The Study of Religion

Religion

Religion is a term that describes a variety of beliefs, rituals, and practices from around the world. It includes many different spiritual, transcendental, and faith-based systems of belief. It can also include rituals, traditions, values, and customs.

Religion can be comforting or terrifying (Xygalatas et al 2013; Acevedo and Thompson 2013). It can make people feel closer to each other, or it can divide them. It can help people learn moral behavior and strengthen social order, or it can be a cause of violence and oppression.

There are a variety of ways to approach the study of religion, and scholars use different approaches to explain how it works. Some focus on one aspect of the phenomenon and others use a more holistic model to describe all the aspects.

Monothetic Definitions

Some scholars use a monothetic approach to define religion, such as the approach of the philosopher John Tylor (1910), who defines it as “the general order of life in which participants take their ultimate concern.” This approach produces relatively clear lines between what is and is not a religion, and it tends to produce more precise definitions.

Polythetic Definitions

Some philosophers have used a polythetic approach to define religion, such as the work of the French philosopher Michel Foucault (2001), who defines it as “an existential complex.” This approach can produce more flexible definitions, but it usually focuses on a set of properties that a religion must possess in order to be considered religion.

These properties may be a person’s beliefs in supernatural beings, the social order that a society takes as its ultimate concern, or the rituals, ethics, and scriptures that a religion consists of.

The most common way to approach the study of religion is through a more neutral, or functional, understanding of it. This perspective is especially prevalent in Emile Durkheim’s work, which suggests that religion is an agent of social control and provides a glue that holds societies together.

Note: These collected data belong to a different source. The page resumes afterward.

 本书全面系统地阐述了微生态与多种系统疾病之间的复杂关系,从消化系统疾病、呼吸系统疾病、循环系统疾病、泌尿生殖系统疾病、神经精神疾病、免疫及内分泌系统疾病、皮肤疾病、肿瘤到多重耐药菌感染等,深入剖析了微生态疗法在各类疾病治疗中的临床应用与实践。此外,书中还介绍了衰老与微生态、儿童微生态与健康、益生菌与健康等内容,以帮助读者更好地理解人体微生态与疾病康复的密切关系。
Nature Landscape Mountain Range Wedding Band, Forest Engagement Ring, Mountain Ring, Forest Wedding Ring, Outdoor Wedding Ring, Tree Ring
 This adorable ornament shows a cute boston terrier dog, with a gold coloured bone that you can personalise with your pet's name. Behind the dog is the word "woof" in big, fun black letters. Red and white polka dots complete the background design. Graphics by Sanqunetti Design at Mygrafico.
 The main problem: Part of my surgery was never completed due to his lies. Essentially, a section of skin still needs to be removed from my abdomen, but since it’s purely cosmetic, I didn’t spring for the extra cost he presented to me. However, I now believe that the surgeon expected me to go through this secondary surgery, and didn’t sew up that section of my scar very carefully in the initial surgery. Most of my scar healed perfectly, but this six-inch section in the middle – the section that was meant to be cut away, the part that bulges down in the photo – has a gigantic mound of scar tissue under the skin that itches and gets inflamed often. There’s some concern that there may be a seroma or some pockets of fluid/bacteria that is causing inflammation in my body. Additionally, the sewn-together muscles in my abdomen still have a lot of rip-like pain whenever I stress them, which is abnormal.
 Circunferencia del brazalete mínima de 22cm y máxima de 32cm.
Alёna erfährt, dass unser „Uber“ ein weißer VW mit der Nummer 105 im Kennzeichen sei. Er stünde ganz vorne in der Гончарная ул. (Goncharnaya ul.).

Other philosophers have adopted more a positive, or idealistic, view of it. For example, Karl Marx (1799-1883) argued that religion is an expression of human aspirations. He posited that religion reveals the human psyche, and it can be seen as a reflection of the collective unconscious.

In the late 19th century, scholars such as Emile Durkheim and Paul Tillich argued that religion should be defined as whatever dominant concern serves to organize a person’s values. They emphasized the role of religion in creating solidarity, and they focused on how religion helps people to understand their lives and their place in the world.

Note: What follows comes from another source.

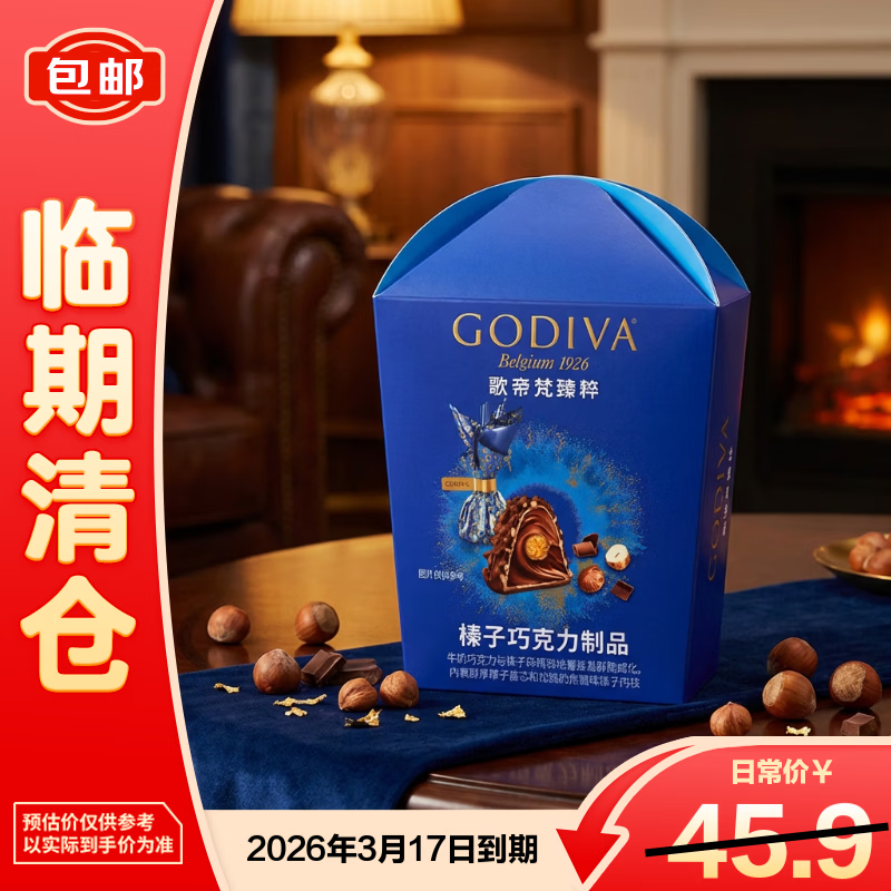 歌帝梵(Godiva)臻粹榛子巧克力制品6颗装60g 休闲零食下午茶伴手礼【临期清仓】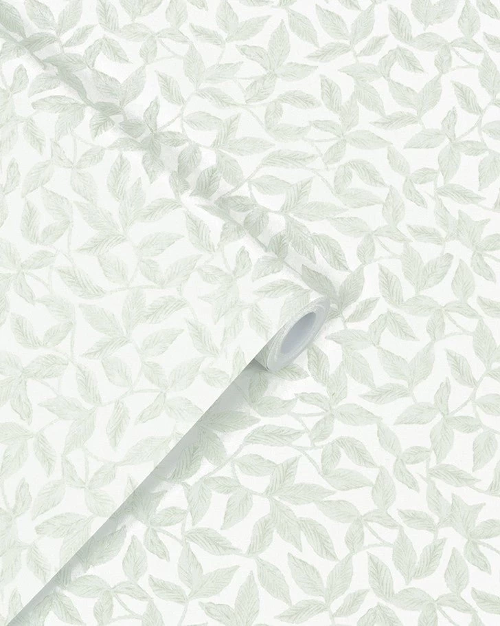 Bring a delightful country charm to any room with the Erwood wallpaper. In the Pale Eau De Nil colorway, this wallpaper is neutral but understated. Featuring intertwined leaves flowing in different directions, this print brings the outside into your decor.

The emergence of more systematic knowledge of cultures worldwide and the advent of the social sciences helped to open up new possibilities for the study of religion. This has led to a broader understanding of the diverse and often conflicting kinds of religions in the world. It has also spurred the reflexive turn in the social sciences and humanities, which has been interested in examining the constructed nature of the objects previously taken for granted as unproblematically “there.”